This study presented a number of methodological challenges. The expansive focus (e.g. in terms of the amount of content and the detailed categories to be analysed) raised concerns about its cross-national comparability and its ability to record and understand the rhetorical style, the narratives and counter-narratives of multiculturalism and ethnic relations in the UK and the framing and agenda setting functions of the press. These issues are discussed in detail in the Final Technical Report, while in the last section of this report we highlight a number of recommendations for the future development of this study.
Some of the methodological issues and concerns raised early on – especially in terms of the huge amount of data needed to be analysed – were negotiated and dealt with in close communication with the FRA. As regards the selection of newspapers selected for the UK case (The Guardian, The Daily Telegraph, The Sun and The Daily Mirror), we feel that this was the most appropriate choice. They represent a good sample of partisanship diversity (two left and two right-wing), and type of publication (two broadsheets, two tabloids). However, the original plan to code all the editions from a week’s sample (Monday to Saturday) was found to be a task unmanageable according to the current budget and deadlines. One of the reasons for this is the length and density of the British press – big editions, including several supplements and different news sections. According to UK team estimates, the time needed to read the newspaper, number it, photocopy relevant articles and code them according to the database was a task unmanageable if all six editions of the week were to be included. In order to manage the task, the UK team negotiated with the FRA to reduce the sample to three editions per week, rotating the days selected per phase. In Phases 1 and 3 the Monday, Wednesday and Friday editions were coded, whereas in Phases 2 and 4 the Tuesday, Thursday and Saturday ones were coded. It should be noted that Saturday’s editions are particular long, with almost twice the number of articles, supplements and content. The extensive amount of newsprint to be scanned and the amount of data to be coded has meant that this project has had to be subsidised by the participating university departments.
The UK team excluded the data collected during Phase 1 on several grounds. Firstly, because the criteria for the selection of relevant articles were modified: after Phase 1m coders were required to read ALL newspaper articles, irrespective of whether the headline or the first paragraph indicated relevant minority content. This inevitably resulted in an increased sample of relevant minority content articles. Secondly, the coding scheme was significantly changed for the following variables. Thirdly, because the criteria to code minority issues was modified minority issues coded on Phase 1 are considerably outnumbered as well as miss represented.

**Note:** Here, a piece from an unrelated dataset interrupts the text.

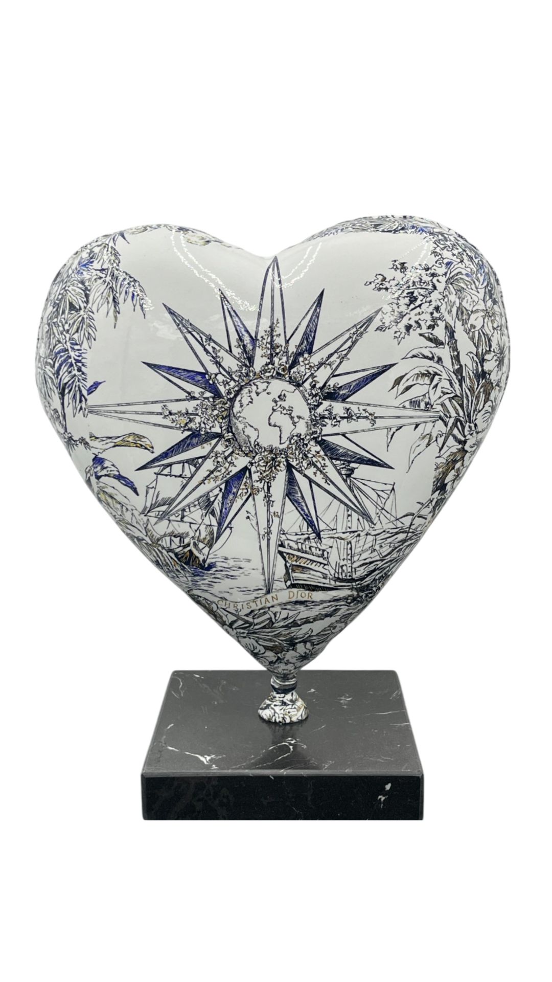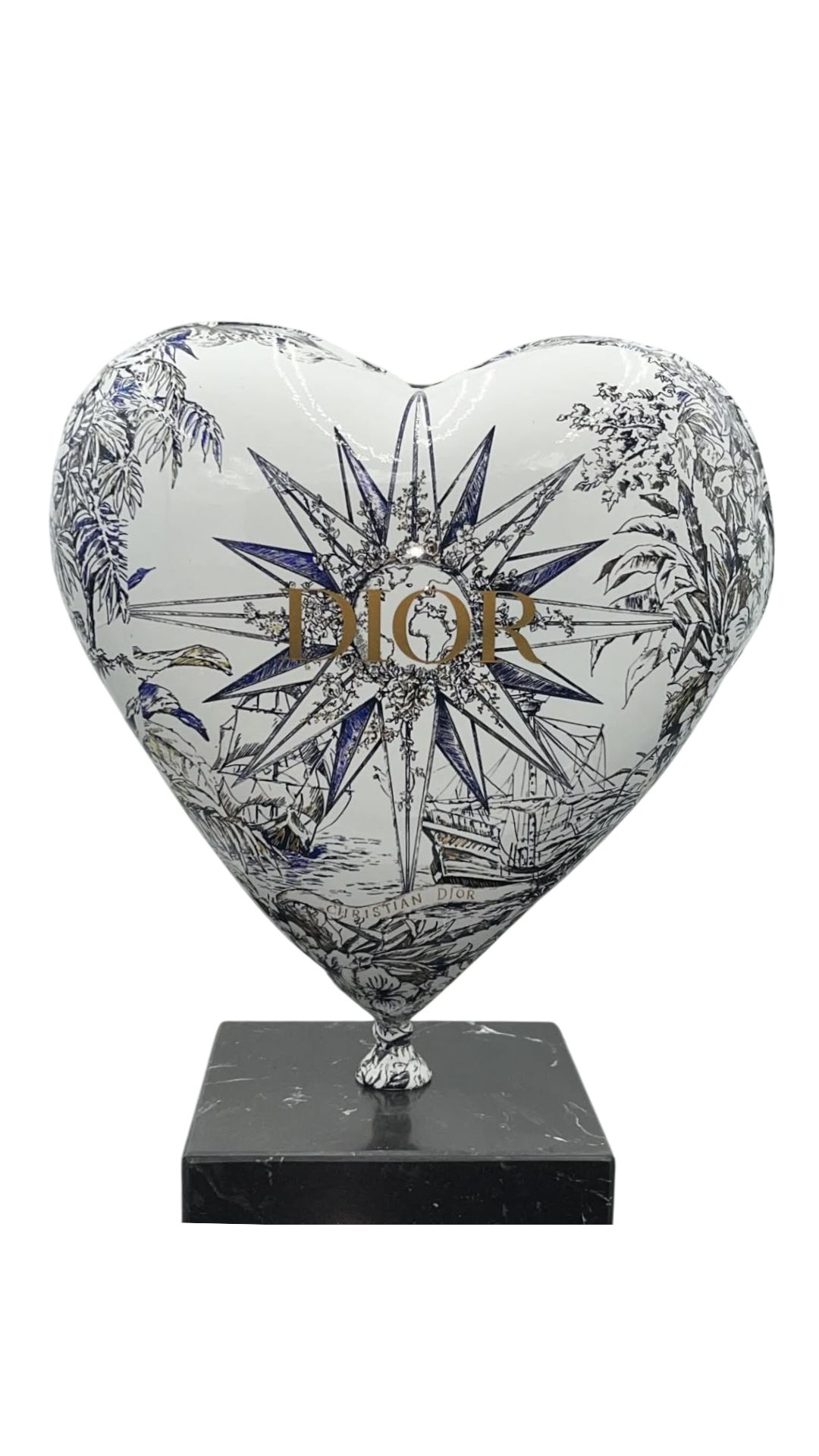 Cuore Dior della collezione Naor Art Design, un’opera d’arte in resina con dettagli di lusso e base in marmo. Perfetto per collezionisti e amanti dell’alta moda.

Throughout the progress of this project the collaborators in the different pilot countries have developed a shared comparative methodological tool. Through dialogue with each other and with the FRA they have honed a coding schedule that has become a common analytic instrument .However, it is apparent that this efficacy of this instrument is dependent upon the shared acquired habitus of the national teams as in working together they build a common repertoire of understanding that enables them to employ the coding schedule that has been developed internationally. This is both necessary and inevitable given the complexity of the coding schedule and the need to bring a national perspective to bear in the nuanced interpretation of the data. Consequently we must acknowledge the entry of shared subjective routines into the generation of the data. We have no way of knowing how compatible, or divergent, these distinctive habituses would be across the teams operating in this project.
This is in fact a generic problem in developing a workable comparative framework that is committed to a micro analysis of news print. Some of the pragmatic compromises, of acceptance and rejection that have had to be taken in the dialogue between the FRA and specific teams in responding to the teams’ concerns have illustrated this tension. We can note, for example, that our team’s concern regarding the potentially ‘Eurocentric’ nature of the coding of geographic areas illustrates how the development of agreed categories may have unintended consequences. Similarly we can note that the implications of mixing ‘domestic’ and ‘international’ context have remained unresolved and will leave a residue of questions about what is being subsumed within the agreed coding routine. Or, again , we may note that not choosing to include a category that explicitly tapped issues that related to the ‘suppression of freedom of expression and speech’ has left this issue irredeemably lost within a much wider coding category. These painful pragmatics of generating a manageable coding schedule may be intrinsic to the chosen methodology: but the ambiguities they consequently build into the available categories need to be held in mind as the data is
subsequently interpreted. This means that the analysis and interpretation must be carried out with the intimate involvement of those team members most closely associated with the actual content coding. This would have direct implications for the guidance given by the FRA in terms of team building and team practice for future contracts for a wider comparative study. We strongly recommend that teams, including experts and coders have more direct involvement in the development of the methodology and the study throughout its various stages.